## Exercise requirements
Set down precisely the lines from the line with "예를 들어 가수 매니지먼트" through the end of the material, inclusive, and no pictures.

## Input data
━━━━━━━━━━━━━━━━

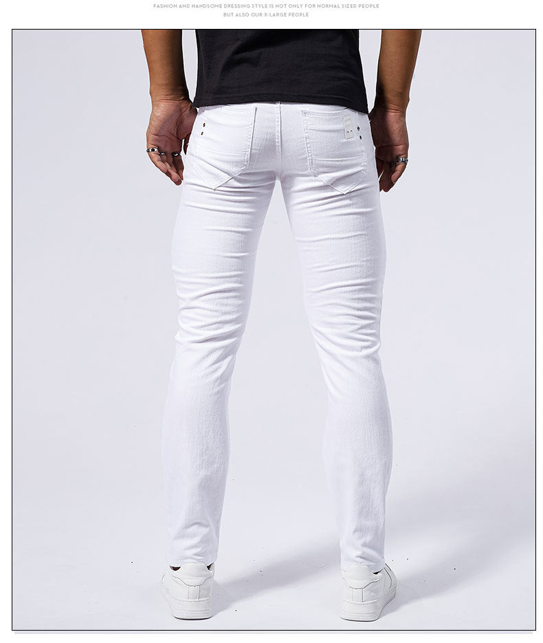 Men's White Stretch Skinny Jeans are a sleek and modern choice for casual wear. Made from high-quality denim with a cotton blend, these jeans feature a pure white color and micro elasticity, ensuring a comfortable and snug fit. The mid-waist design and zipper fly add a polished and practical touch, making them perfect for leisure outings or daily wear.
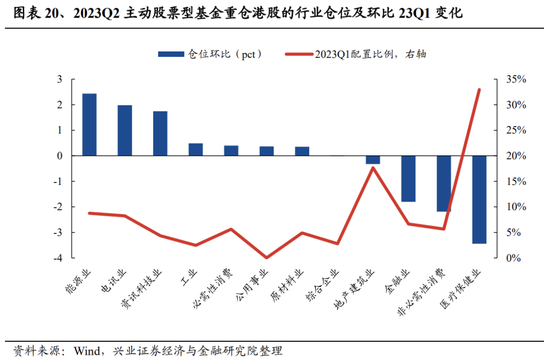 行业方面,公募持有港股能源、电讯和资讯科技行业的继续回升,医疗保健和非必需性消费仓位则显著回落。重仓股口径下,2023Q2主动偏股型基金加仓较多的行业是能源、电讯业和资讯科技行业,加仓比例分别为2.44pct、1.98pct、1.74pct。2023Q2主动偏股型基金减仓较多的行业是医疗保健、非必需性消费和金融行业,减仓比例分别为-3.44pct、-2.19pct、-1.80pct。
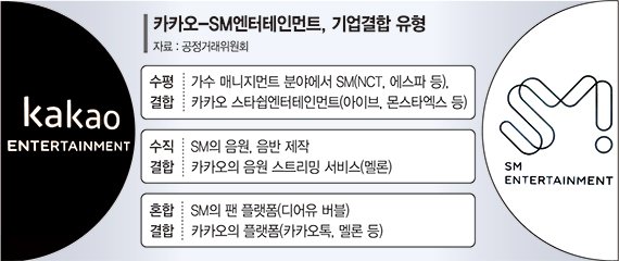 예를 들어 가수 매니지먼트 분야에서는 수평결합이, SM의 음원·음반 제작 분야는 카카오의 음원 스트리밍 서비스(멜론)와 수직결합을 이룬다. SM 팬 플랫폼인 디어유 버블은 카카오톡, 멜론 등 카카오의 플랫폼 사업과 혼합결합 형태로 심사될 수 있다. 이 외에도 다양한 사업에서 여러 형태의 결합이 예상되고, 시장경쟁 제한성을 따질 항목도 많아질 것으로 전망된다.
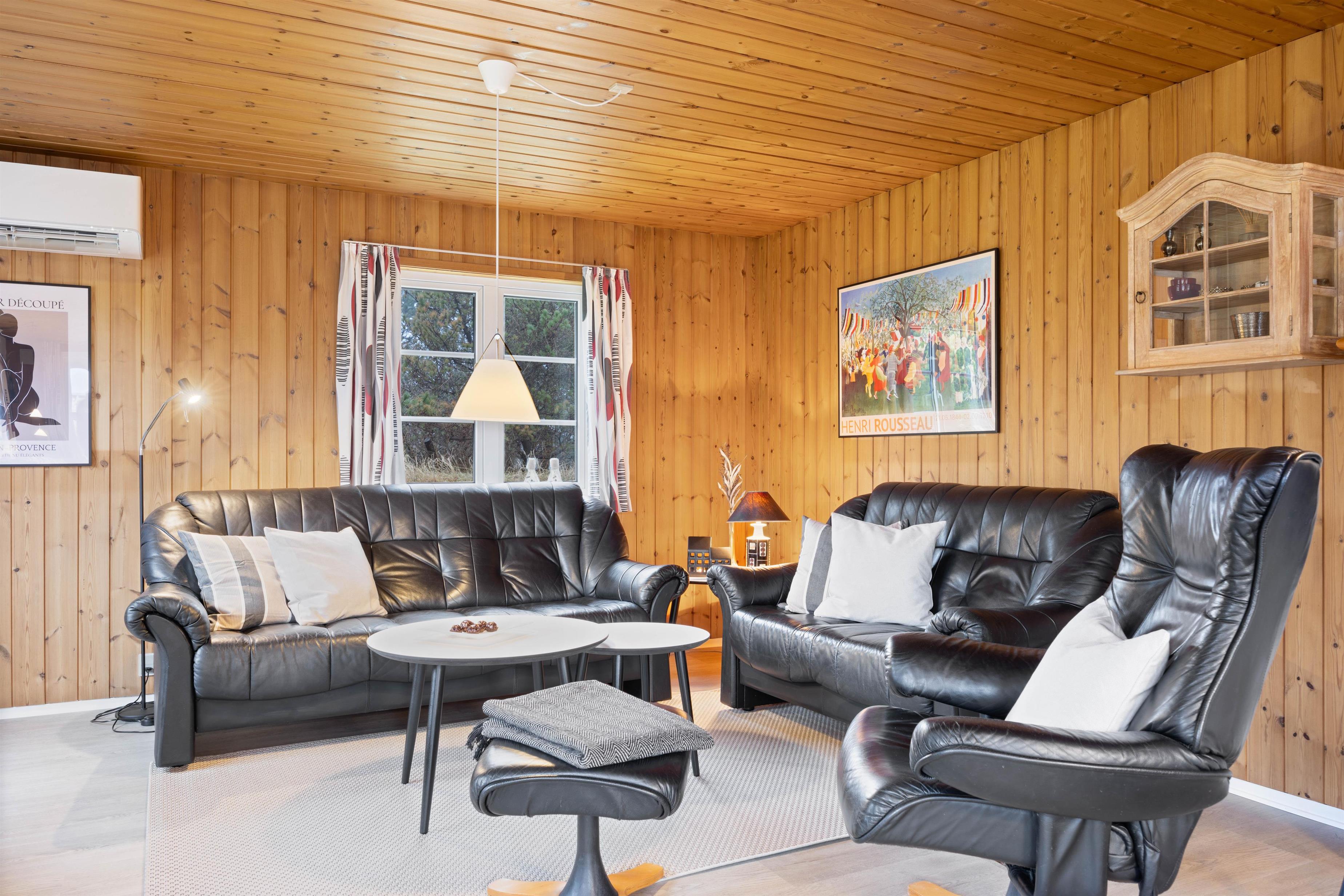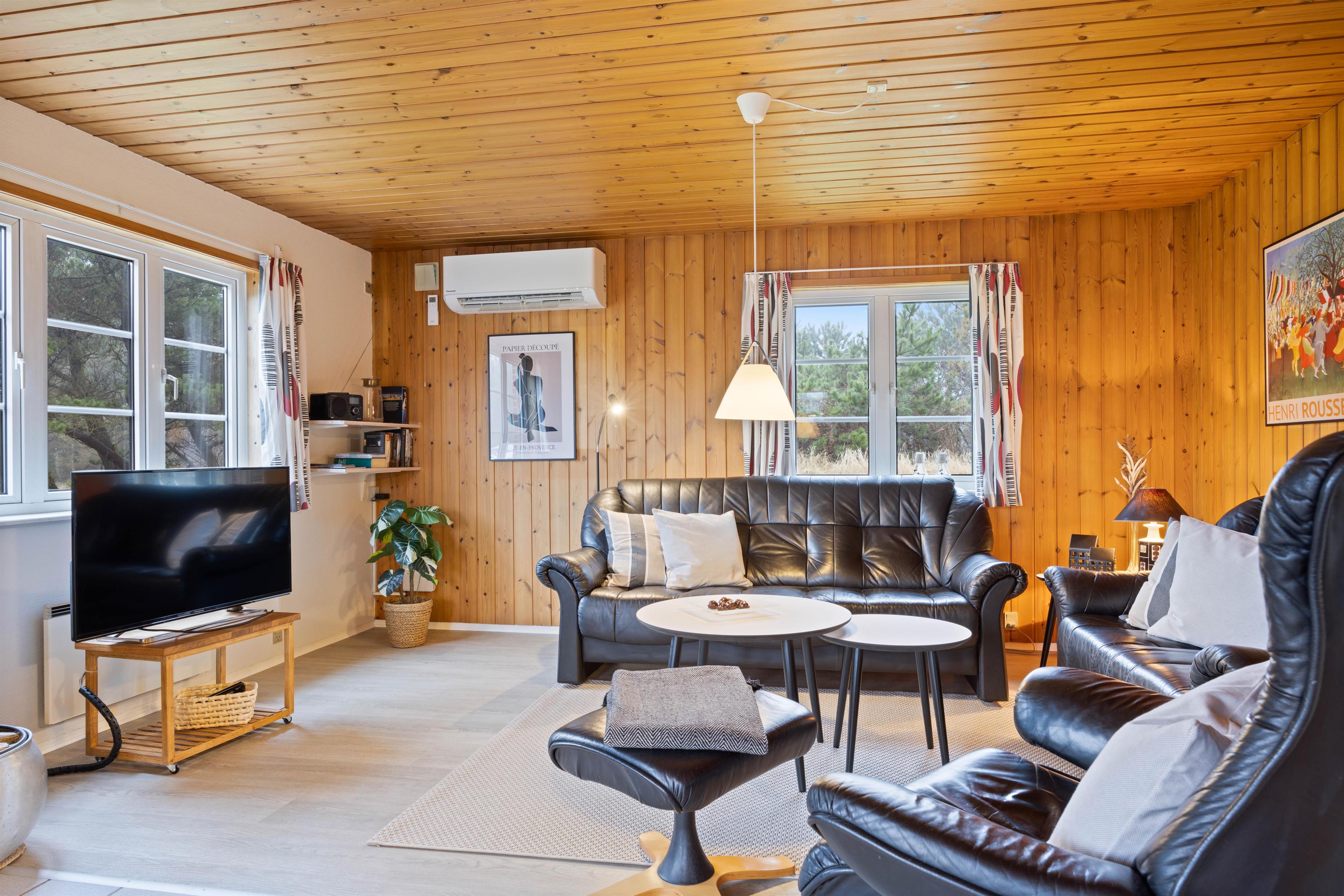 Det hyggelige sommerhus har en indbydende indretning med træbeklædte lofter og vægge.

━━━━━━━━━━━━━━━━

## Worked solution
 예를 들어 가수 매니지먼트 분야에서는 수평결합이, SM의 음원·음반 제작 분야는 카카오의 음원 스트리밍 서비스(멜론)와 수직결합을 이룬다. SM 팬 플랫폼인 디어유 버블은 카카오톡, 멜론 등 카카오의 플랫폼 사업과 혼합결합 형태로 심사될 수 있다. 이 외에도 다양한 사업에서 여러 형태의 결합이 예상되고, 시장경쟁 제한성을 따질 항목도 많아질 것으로 전망된다.
 Det hyggelige sommerhus har en indbydende indretning med træbeklædte lofter og vægge.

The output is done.